僕がそういうと彼女はため息を吐いていった。

「…その記憶に意味は無い。早く忘れることだ。」


「えっ、酷いな…」


「まぁ、今はあるかもな。」


「…」

会話が途切れ、気まずさがどんどん積もっていく。

それを断ち切るように僕は口を開いた。

「君の名前は?」


「…私の名前?」

彼女は少し考え込むと、やがて首を横に振る。

「ここでは名乗る人がいない。…いや、そもそも必要がなくてな。名前なんて忘れてしまった。」




先程よりも重い沈黙が続く。

その沈黙を破ったのは、彼女だった。

「生きているって、どうやって証明すると思う?」

唐突な問題に頭を悩ませていると、ありがたい事に彼女は自分で続けた。

「脈、体温、脳波、対光反射、青リトマス紙…証明する方法なんていくらでもある。
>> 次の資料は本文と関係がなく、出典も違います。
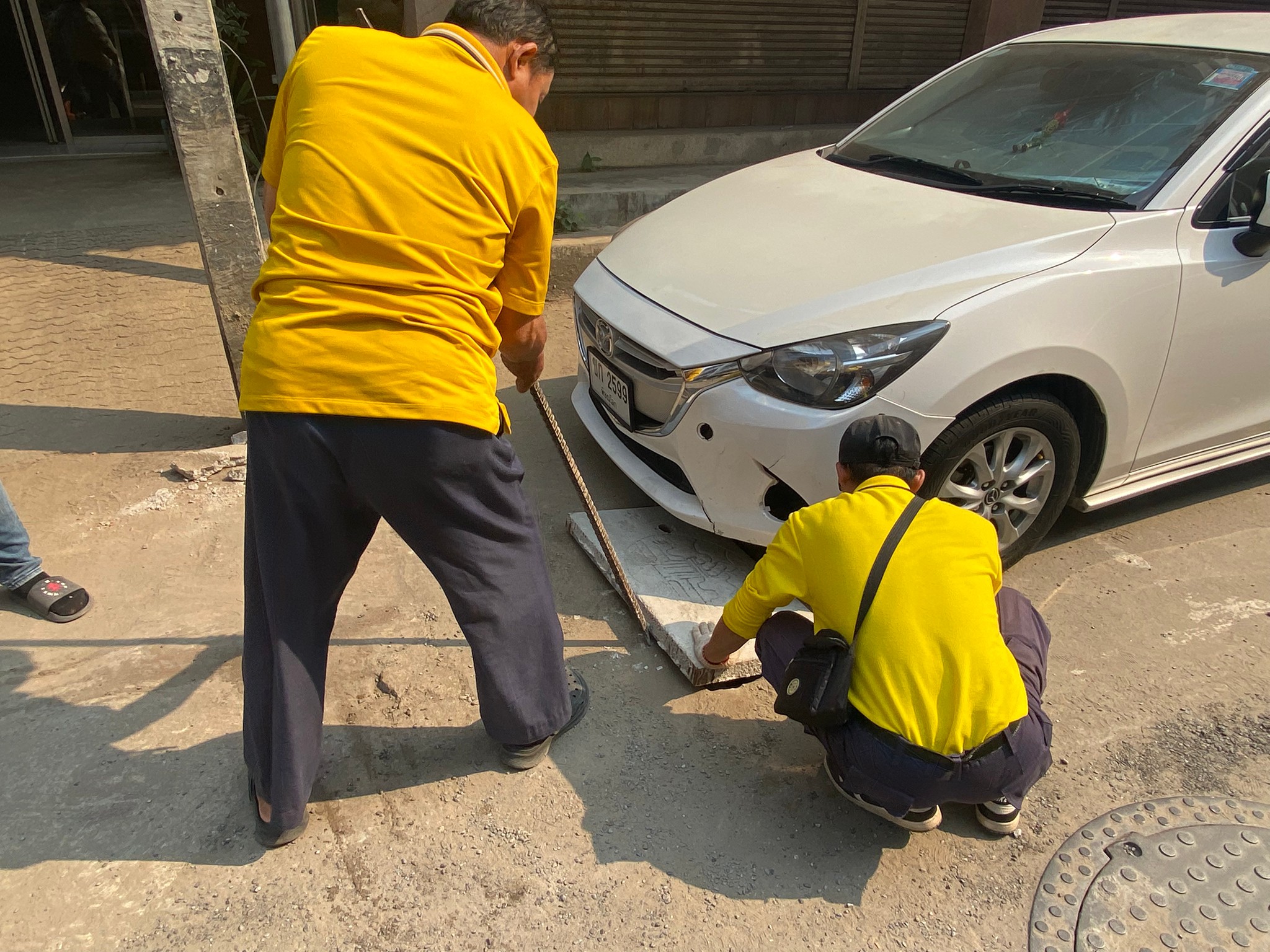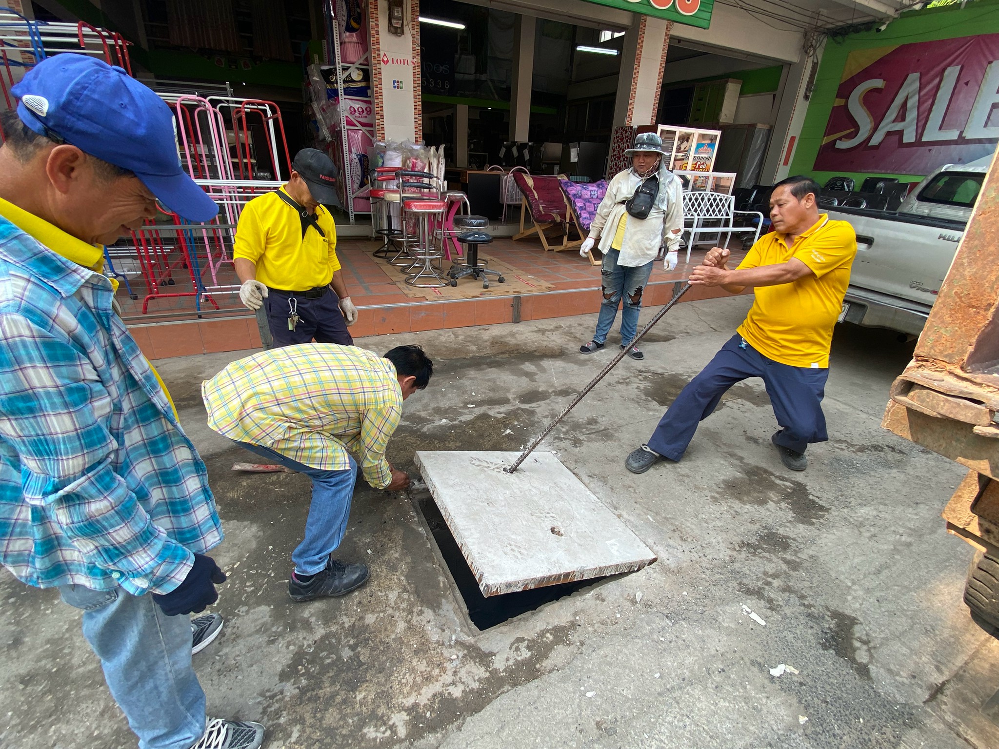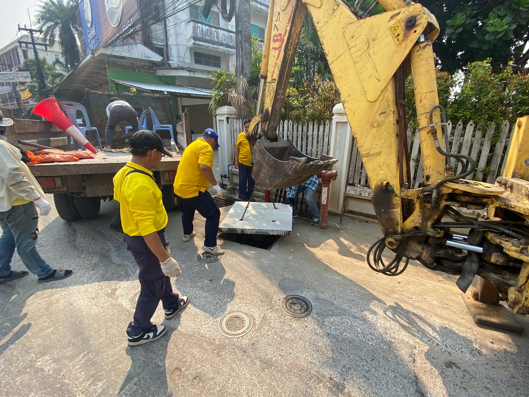ได้เข้าดำเนินการเปลี่ยนฝาท่อระบายน้ำ จำนวน 5 แห่ง 1. บริเวณฝั่งตรงข้ามฮงล้ง

」

彼女は一息ついて続ける。

「だが…」

一拍、間が落ちる。

「**生きていた**って、どう証明すれば良いんだ?」

彼女の声は、少しずつ掠れてゆく。

「遺品?写真?功績?死体?墓?どれもこれもいつか消えてしまうものばかりだ。」

彼女は顔を伏せる。

「自分がやってきたことが、生きていたことが、大切なものが、いつか何もかも消えて、忘れ去られてしまう。」

そこまで言うと、彼女は絞り出すような声で続けた。

「それが虚しくて、悲しくて、…辛い。」


「…」

知らないはずなのに、その質問に妙な胸騒ぎを覚える。

「私は、それに抗おうとしたが…この様だ。沢山の罪を犯したくせに、結局大切な物を数えきれない程失ってしまった。」

彼女は上擦った声で続ける。

「こんな事になる前に止めてくれた君に…私は……」

そこまで言うと、彼女はふと我に返ったように言葉が途切れる。

「あぁ…そうだったな。君には記憶がないんだったな。すまない、少々感情的になってしまった。…私らしくない。」


「僕は…どんな人だったの?」

彼女は顔を伏せたまま答えた。

「君は…良い研究者だった。いつも私達と…「プラエト研究所」のみんなと一緒に「腐神」を研究していた。」

(おかしい…)

(僕が無くした記憶は小さい頃のはず…)

「プラエト研究——」

その瞬間、急に視点が高くなる。

「かっ…く…あっ」

(喉が——潰れる…)

息ができない。

「くっ…おい化け物!こいつを離せ!」

彼女の声には焦りと恐怖が混じっている。

——意識…が…

光が遠のいていく。

「くそっ…おい!しっかりしろ!」

声が遠のいていく。


その声を最後に、僕はそのまま意識を手放した。